***** Data records *****

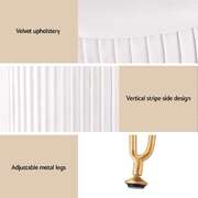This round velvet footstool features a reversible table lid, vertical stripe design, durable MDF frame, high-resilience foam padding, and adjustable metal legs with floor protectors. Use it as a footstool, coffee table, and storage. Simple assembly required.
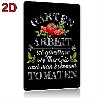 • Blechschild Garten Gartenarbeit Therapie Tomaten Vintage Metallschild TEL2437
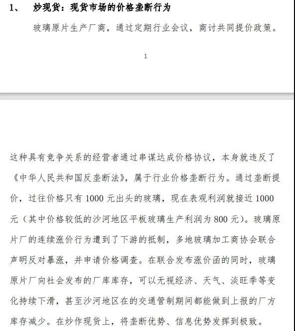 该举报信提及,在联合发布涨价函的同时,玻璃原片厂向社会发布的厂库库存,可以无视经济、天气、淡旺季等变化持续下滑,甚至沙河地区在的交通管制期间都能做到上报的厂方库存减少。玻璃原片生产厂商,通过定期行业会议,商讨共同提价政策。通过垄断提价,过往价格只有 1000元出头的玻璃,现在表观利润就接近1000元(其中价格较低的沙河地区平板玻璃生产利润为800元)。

*****
***** Data records *****

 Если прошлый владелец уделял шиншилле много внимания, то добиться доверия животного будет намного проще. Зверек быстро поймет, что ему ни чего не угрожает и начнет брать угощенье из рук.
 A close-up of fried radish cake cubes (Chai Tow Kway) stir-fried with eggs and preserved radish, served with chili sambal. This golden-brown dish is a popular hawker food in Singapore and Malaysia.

*****
***** Data records *****

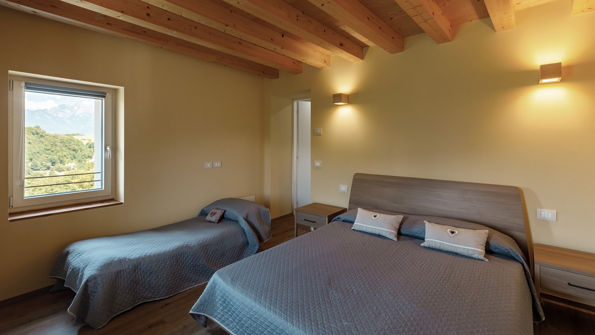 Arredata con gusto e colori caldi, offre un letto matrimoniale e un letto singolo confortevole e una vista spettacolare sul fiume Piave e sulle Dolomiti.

*****

From the records above, give again exactly the lines running from the line with "Если прошлый владелец" to the line with "A close-up of", inclusive.

 Если прошлый владелец уделял шиншилле много внимания, то добиться доверия животного будет намного проще. Зверек быстро поймет, что ему ни чего не угрожает и начнет брать угощенье из рук.
 A close-up of fried radish cake cubes (Chai Tow Kway) stir-fried with eggs and preserved radish, served with chili sambal. This golden-brown dish is a popular hawker food in Singapore and Malaysia.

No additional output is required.